§ **Task details**: Each line below from the "NEW ネックストラップ ■作品内容スマホ用のネックストラップです。小さ目のショルダーバッグにも使えます🍀*゜" line through the "立派な檜風呂からは中庭を眺められる贅沢な仕様になっています。" line, those two included, must be restated word for word; the pictures must not be.
=== Section Start ===
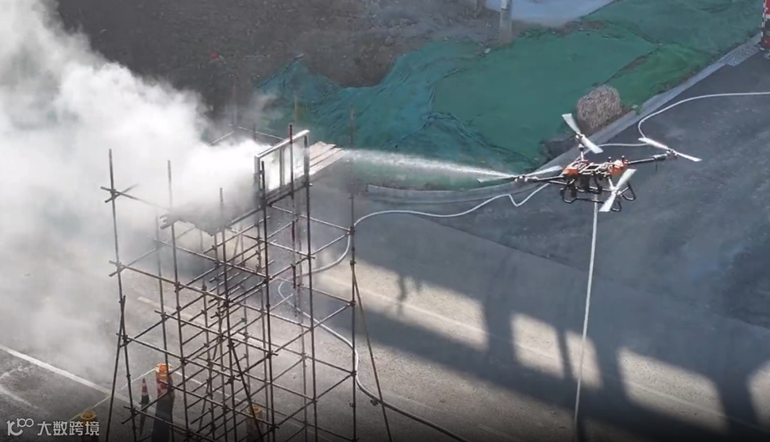在高层火灾模拟环节,雷纳操作人员精准操控无人机破窗开辟通道,搭载水带的系留无人机随即跟进喷水,整套流程高效协同,快速扑灭火源,展现了无人机消防的灵活与精准优势。
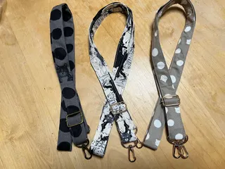 NEW ネックストラップ ■作品内容スマホ用のネックストラップです。小さ目のショルダーバッグにも使えます🍀*゜ ■こだわりポイントスマホ用にと作りましたが、小さ目のショルダーバッグにも使える様に接着芯を使いしっかり目に作りました。柄はやはり猫柄です😸
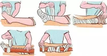 3、妥善固定:不要盲目移动身体,尽快把伤到的肢体用夹板固定住。夹板可用木片或折叠起来的硬纸板制成,放在受伤的肢体下面或侧面,用三角形绷带、皮带或领带缠住夹板和受伤的肢体。避免缠得太紧,避免用细绳子固定,这些都可能阻碍血液循环。
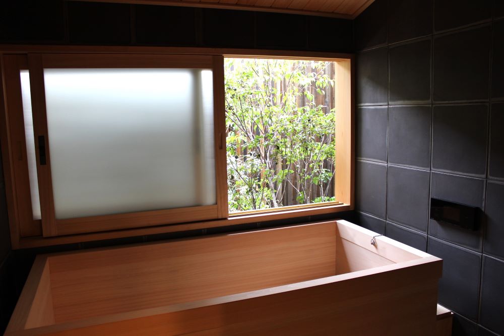 立派な檜風呂からは中庭を眺められる贅沢な仕様になっています。
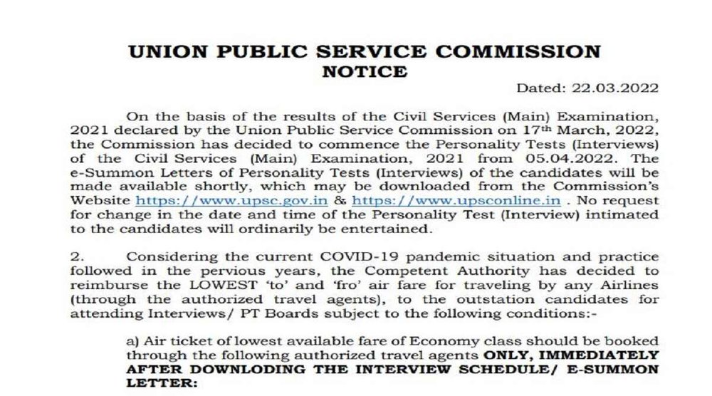 इंटरव्यू 5 अप्रैल2022 से शुरू होगा। आयोग ने 17 मार्च 2022 को मुख्य परीक्षा का रिजल्ट घोषित किया था। मुख्य परीक्षा में सफल अभ्यर्थी ही इंटरव्यू में शामिल हो सकते हैं। इंटरव्यू का आयोजन कोरोना सुरक्षा दिशा-निर्देश के तहत किया जाएगा। सभी परीक्षार्थियों को केंद्र पर मास्क लगाकर आना अनिवार्य किया गया है। अभ्यर्थी आधिकारिक वेबसाइट पर जारी गाइडलाइंस को चेक कर सकते हैं।
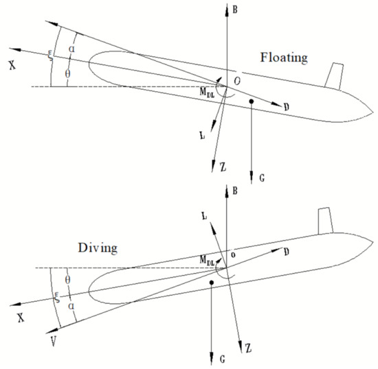 The UG reaches a state of force equilibrium in steady-state gliding because of the interaction of hydrodynamic forces, gravity, and buoyancy forces during underwater diving and surfacing. As displayed in Figure 3, if the point of action of lift L is located behind the buoyancy center (-x-axis direction), then the moment of the lift and gravity (G) relative to the buoyancy center around the y-axis is in the same direction during the dive and surfacing phases. By contrast, if the point of action of lift L is located in the front of the buoyancy center (+x-axis direction), then the moment of lift and gravity relative to the buoyancy center around the y-axis is in the opposite direction. Figure 3 illustrates the forces of the glider in the steady-state diving and surfacing.
=== Section End ===
§ **Response to this task**:
 NEW ネックストラップ ■作品内容スマホ用のネックストラップです。小さ目のショルダーバッグにも使えます🍀*゜ ■こだわりポイントスマホ用にと作りましたが、小さ目のショルダーバッグにも使える様に接着芯を使いしっかり目に作りました。柄はやはり猫柄です😸
 3、妥善固定:不要盲目移动身体,尽快把伤到的肢体用夹板固定住。夹板可用木片或折叠起来的硬纸板制成,放在受伤的肢体下面或侧面,用三角形绷带、皮带或领带缠住夹板和受伤的肢体。避免缠得太紧,避免用细绳子固定,这些都可能阻碍血液循环。
 立派な檜風呂からは中庭を眺められる贅沢な仕様になっています。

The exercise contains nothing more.